British entrepreneur and investor Matt Haycox, who has spent more than two decades backing and mentoring growing businesses, believes most founders still misunderstand what investors truly want. His insights outline five unfiltered lessons every founder needs to hear before asking for money.
- Investors Back People First
Haycox often says, ‘I don’t invest in ideas. I invest in people who can execute them.’ His approach mirrors a broader market reality: most early-stage investors now rank founder quality above product innovation. A 2025 survey from Coinlaw found that 85% of angel investors prioritise leadership competence and resilience over the product itself.
For Haycox, that means character counts just as much as spreadsheets. He looks for founders who can absorb hits, make tough calls and recover fast, qualities he believes are the true differentiator when capital gets tight.
- Storytelling Beats Slide Decks
While financials matter, Haycox insists that the most investable founders are also the best storytellers. ‘Investors are human,’ he explains. ‘They want to believe in something bigger than spreadsheets.’ He teaches that compelling founders anchor their pitch in emotion and evidence: why the business exists, who it serves and how it wins.
According to the UK Business Angels Association’s 2025 Investor Confidence Report, over one in five investors cite poor storytelling and lack of clarity as the main reasons they reject a pitch. Haycox’s takeaway is simple: a clear narrative converts faster than an overdesigned slide deck.
- Show Skin In The Game
For Haycox, commitment speaks louder than enthusiasm. ‘If you won’t risk your own capital, don’t expect me to risk mine,’ he says. Founders who show personal financial or reputational investment immediately stand out. This principle aligns with findings from the British Business Bank, which reports that founder contribution remains one of the top three confidence indicators among UK private investors in 2025. In Haycox’s world, conviction sells and nothing signals conviction like betting on yourself first.
- Translate Real Numbers Simply
Too many entrepreneurs, Haycox says, drown investors in unnecessary data. His advice is to master three figures: cash flow, customer acquisition cost and lifetime value. ‘If you can’t explain those in 30 seconds, you don’t understand your business,’ he warns.
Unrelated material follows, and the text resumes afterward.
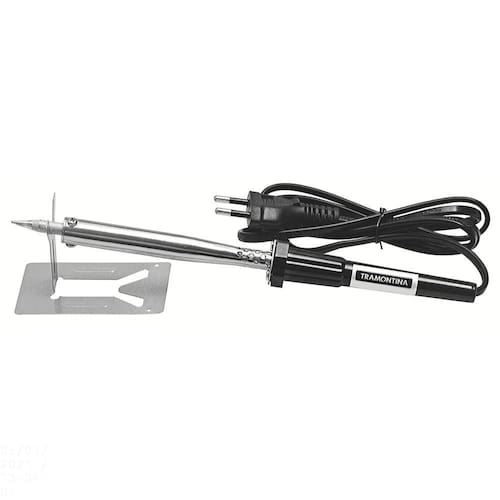 Garanta praticidade e conforto com o Ferro de Solda Tramontina 70 W 127 V com Empunhadura Plástica. Ideal para soldar equipamentos com placas eletrônicas. Possui haste e ponteira em metal e o cabo em plástico, tornando o uso mais confortável. É uma ferramenta utilitária para as tarefas cotidianas. Possui certificação Inmetro. Orientações Ponteira e haste metálicas.Cabo plástico.Suporte de metal para descanso.Cabo elétrico de 1 metro.Acompanha manual de instruções.As ferramentas são submetidas a testes de aplicação prática para garantir sua resistência durante o uso.Ferramenta utilizada para pequenos reparos por meio de solda de estanho.As ferramentas são produzidas e testadas conforme normas específicas. Características Gerais EAN13 7891114053616 DUN14 17891114053613 NCM 8515.11.00 Peso Líquido 0,0300 kg. Peso Bruto 0,0300 kg. Metragem 0,000239 m³. Dimensões Embalagem (Compr. X Larg. X Alt.) 290x 75x 11 mm. Dimensões Produto (Compr. X Larg. X Alt.) 290x 32x 7 mm. Cor 1 000000 Hexa Observações Use óculos, luvas e outros equipamentos de proteção de acordo com a tarefa a ser executada. Confira a tensão indicada no produto antes de ligá-lo. Mantenha a ferramenta sempre limpa para um melhor agarre, pois usá-la suja com graxa ou óleo pode causar acidentes. Armazene em local limpo e seco.

The British Business Bank’s Small Business Equity Tracker 2025, states early-stage investors are increasingly wary of overcomplicated financial models and now focus more on unit economics and revenue resilience. Haycox’s team at his business finance platform, Funding Guru often helps founders refine these numbers into simple, credible narratives that build investor trust fast.
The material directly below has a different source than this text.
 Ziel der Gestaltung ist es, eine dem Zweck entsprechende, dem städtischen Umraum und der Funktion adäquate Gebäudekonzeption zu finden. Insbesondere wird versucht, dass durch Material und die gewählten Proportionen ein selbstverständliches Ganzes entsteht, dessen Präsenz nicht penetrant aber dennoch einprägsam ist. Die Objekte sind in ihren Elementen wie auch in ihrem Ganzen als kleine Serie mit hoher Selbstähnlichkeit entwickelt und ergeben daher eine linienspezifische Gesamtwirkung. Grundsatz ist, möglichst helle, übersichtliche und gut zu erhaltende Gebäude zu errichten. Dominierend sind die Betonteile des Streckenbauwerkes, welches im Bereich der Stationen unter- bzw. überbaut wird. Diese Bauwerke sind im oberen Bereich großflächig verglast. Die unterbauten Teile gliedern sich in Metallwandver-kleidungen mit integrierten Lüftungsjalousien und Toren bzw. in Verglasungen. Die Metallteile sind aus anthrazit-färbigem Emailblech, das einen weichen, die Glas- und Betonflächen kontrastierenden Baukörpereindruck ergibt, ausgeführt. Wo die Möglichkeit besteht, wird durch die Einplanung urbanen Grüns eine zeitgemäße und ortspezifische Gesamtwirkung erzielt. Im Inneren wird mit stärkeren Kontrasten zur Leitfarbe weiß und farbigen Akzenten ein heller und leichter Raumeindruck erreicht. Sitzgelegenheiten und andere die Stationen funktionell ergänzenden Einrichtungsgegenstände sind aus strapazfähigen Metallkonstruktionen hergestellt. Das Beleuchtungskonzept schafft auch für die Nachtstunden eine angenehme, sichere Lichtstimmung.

- Build Relationships Before The Pitch
Haycox believes most fundraising mistakes happen long before the pitch begins. ‘You don’t meet investors at the table,’ he says. ‘You meet them by being visible, useful and credible months earlier.’ Research from Beauhurst found that more than 60% of UK venture deals in 2025 involved founders who already had a relationship with their lead investor. This, Haycox argues, proves that social capital is often more valuable than financial capital when it comes to attracting funding.
The New Reality Of Raising Capital
With his decades of experience and no-nonsense style, Matt Haycox presents a modern blueprint for founders who know the terrain has shifted. He emphasises that today’s investor values authenticity, clarity and founder alignment more than ever. ‘Investors buy conviction,’ he says, ‘and hands-on commitment beats splashy projections.’
Entrepreneurs who apply his five principles are better placed to turn interest into investment, not just at the table but long after the deal is signed.